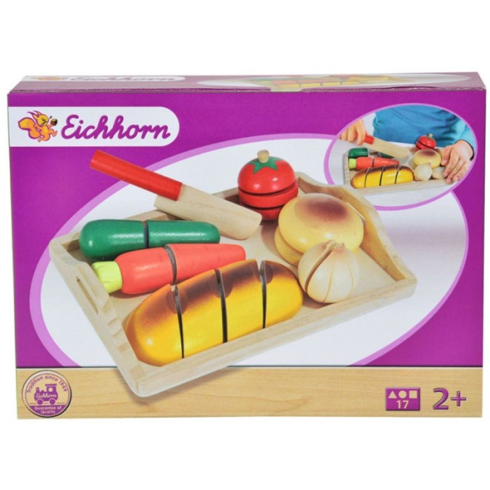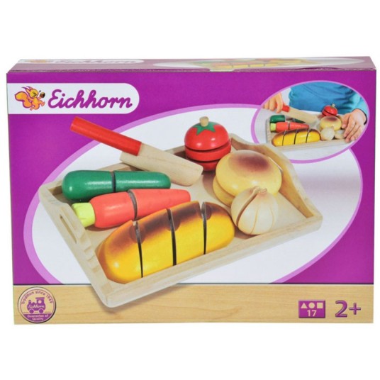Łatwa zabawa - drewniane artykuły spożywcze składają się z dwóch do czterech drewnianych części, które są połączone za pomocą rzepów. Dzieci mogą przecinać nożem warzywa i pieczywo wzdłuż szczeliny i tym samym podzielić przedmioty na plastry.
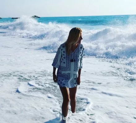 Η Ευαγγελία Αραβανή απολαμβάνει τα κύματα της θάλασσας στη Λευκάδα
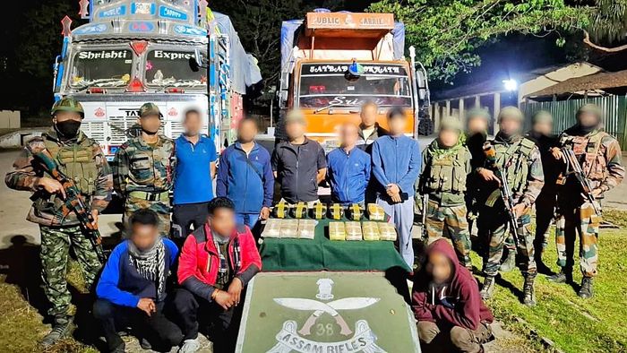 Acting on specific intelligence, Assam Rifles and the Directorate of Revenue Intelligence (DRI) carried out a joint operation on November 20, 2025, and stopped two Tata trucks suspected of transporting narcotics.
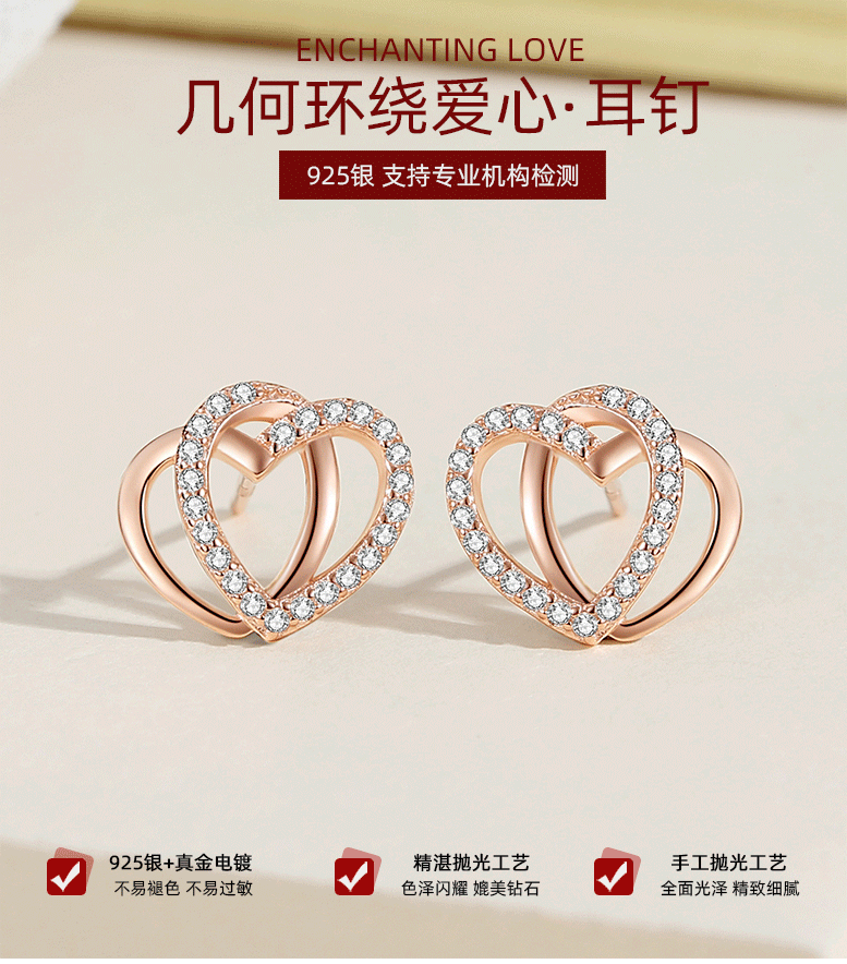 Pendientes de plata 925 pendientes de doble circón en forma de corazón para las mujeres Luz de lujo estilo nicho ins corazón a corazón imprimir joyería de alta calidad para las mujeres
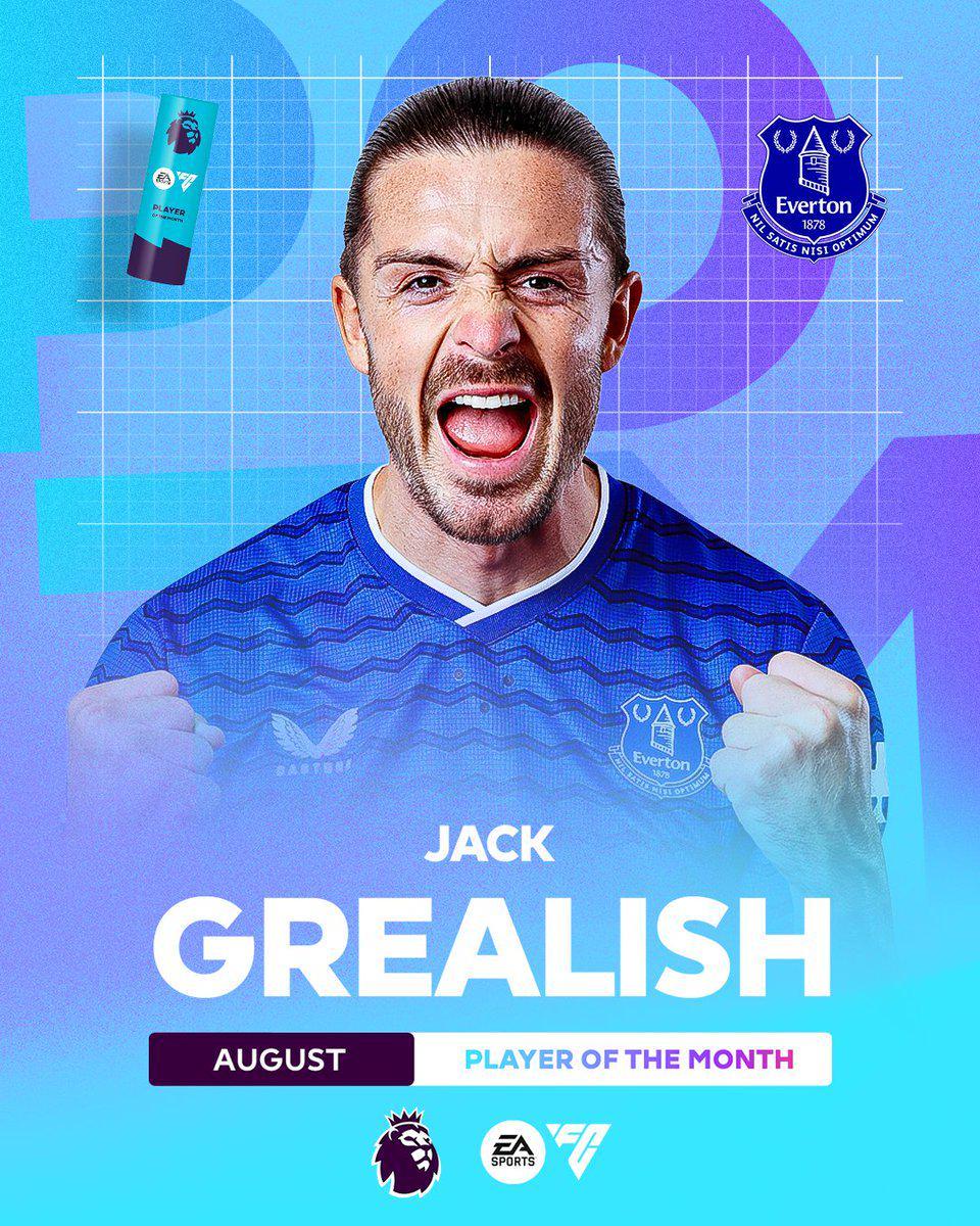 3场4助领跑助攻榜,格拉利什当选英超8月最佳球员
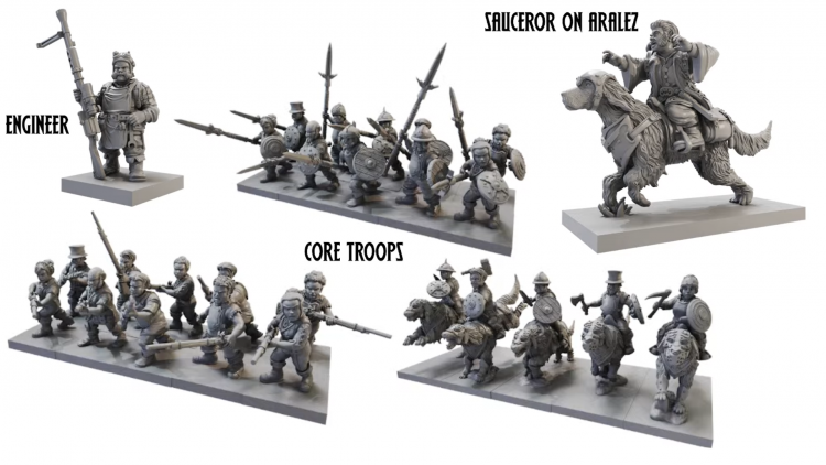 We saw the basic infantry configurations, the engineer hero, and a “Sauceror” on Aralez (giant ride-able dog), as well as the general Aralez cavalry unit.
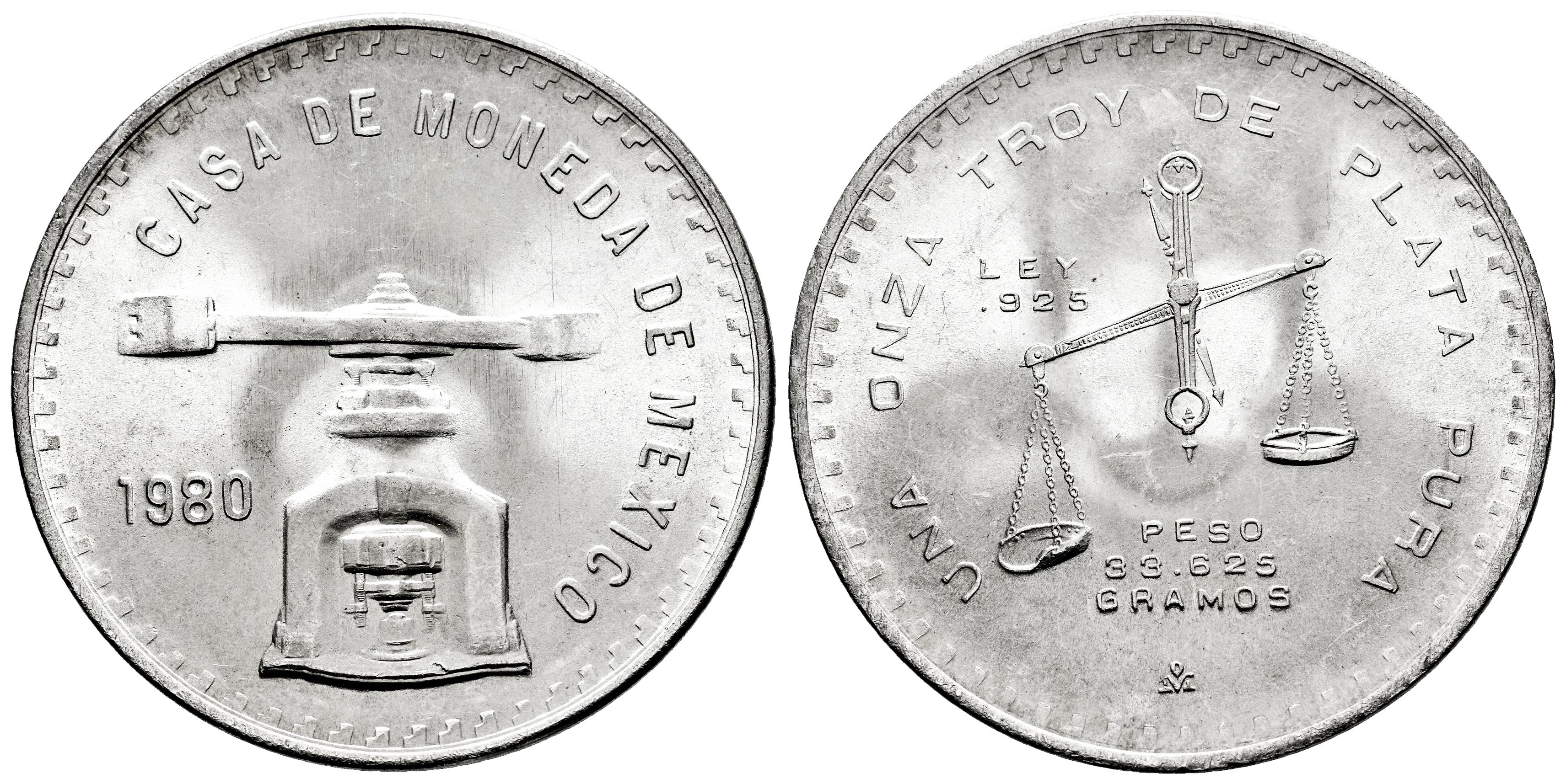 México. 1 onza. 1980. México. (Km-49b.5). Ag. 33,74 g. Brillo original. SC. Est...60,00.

--

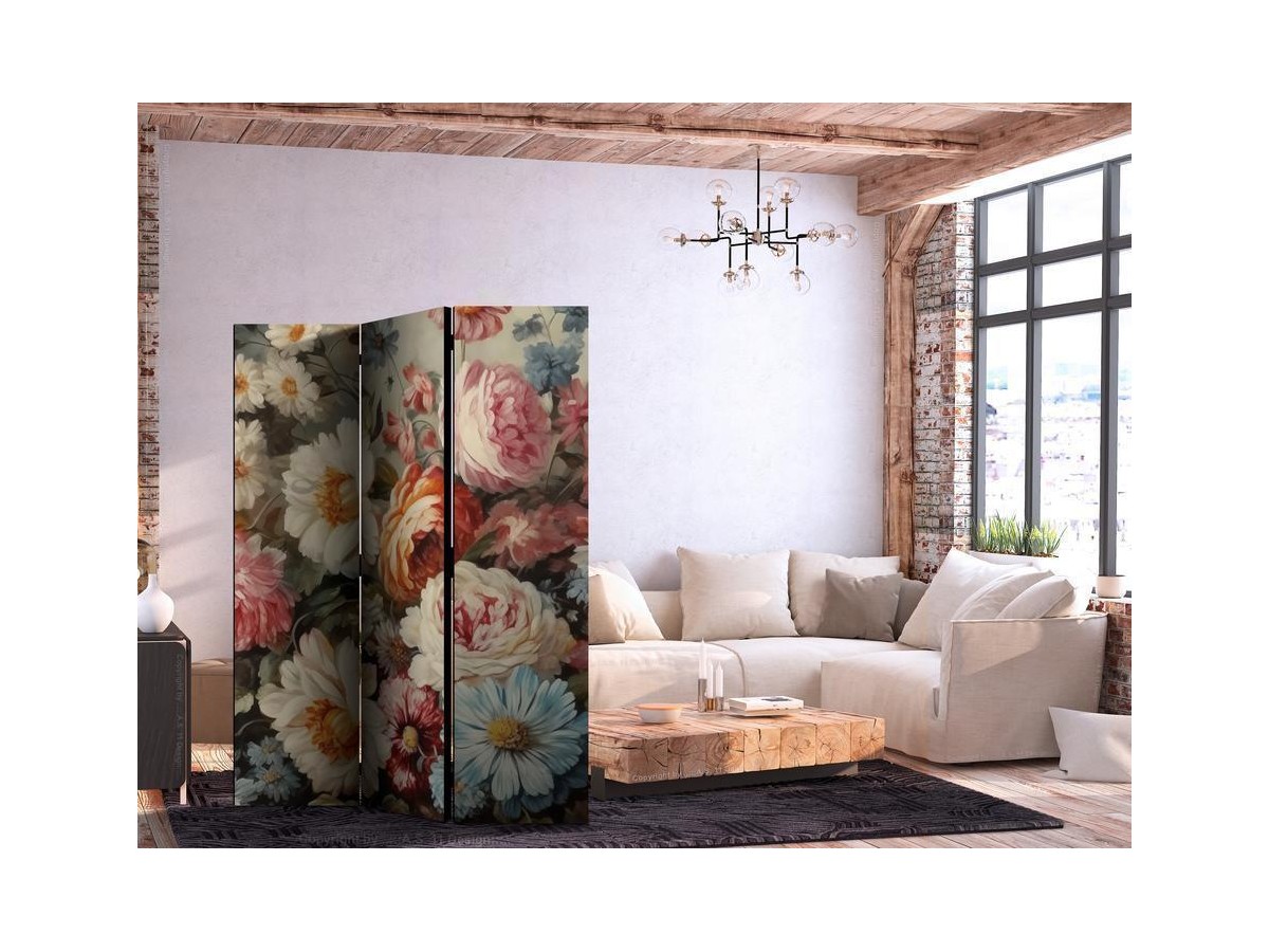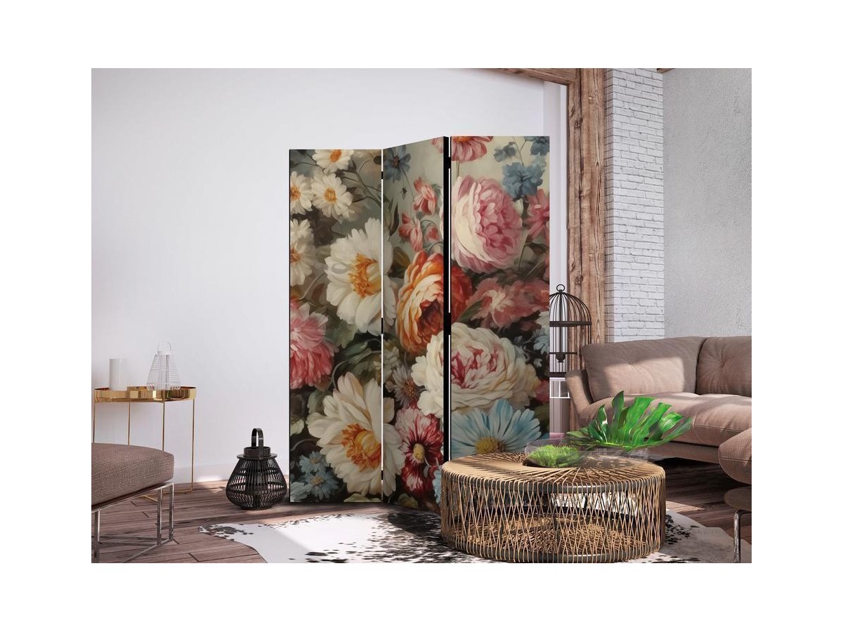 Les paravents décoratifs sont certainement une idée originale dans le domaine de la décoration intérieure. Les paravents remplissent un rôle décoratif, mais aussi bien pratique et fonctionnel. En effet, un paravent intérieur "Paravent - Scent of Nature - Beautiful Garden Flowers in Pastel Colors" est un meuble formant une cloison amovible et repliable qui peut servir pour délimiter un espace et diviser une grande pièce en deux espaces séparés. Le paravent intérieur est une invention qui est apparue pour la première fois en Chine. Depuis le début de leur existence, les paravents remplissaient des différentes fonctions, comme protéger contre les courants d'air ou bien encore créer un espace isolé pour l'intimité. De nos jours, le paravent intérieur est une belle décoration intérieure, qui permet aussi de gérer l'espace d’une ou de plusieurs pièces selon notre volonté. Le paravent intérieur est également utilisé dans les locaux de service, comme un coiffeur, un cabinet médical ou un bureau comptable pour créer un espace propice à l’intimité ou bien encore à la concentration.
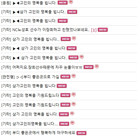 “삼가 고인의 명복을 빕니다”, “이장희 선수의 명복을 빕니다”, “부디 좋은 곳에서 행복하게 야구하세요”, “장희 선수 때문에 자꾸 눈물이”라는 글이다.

• _AIM OF THE TASK_: Above are records with pictures. Reproduce exactly only the lines from the line with "Pendientes de plata" through the line with "We saw the basic", both ends included, and leave the pictures out.

• _FINAL ANSWER_:
 Pendientes de plata 925 pendientes de doble circón en forma de corazón para las mujeres Luz de lujo estilo nicho ins corazón a corazón imprimir joyería de alta calidad para las mujeres
 3场4助领跑助攻榜,格拉利什当选英超8月最佳球员
 We saw the basic infantry configurations, the engineer hero, and a “Sauceror” on Aralez (giant ride-able dog), as well as the general Aralez cavalry unit.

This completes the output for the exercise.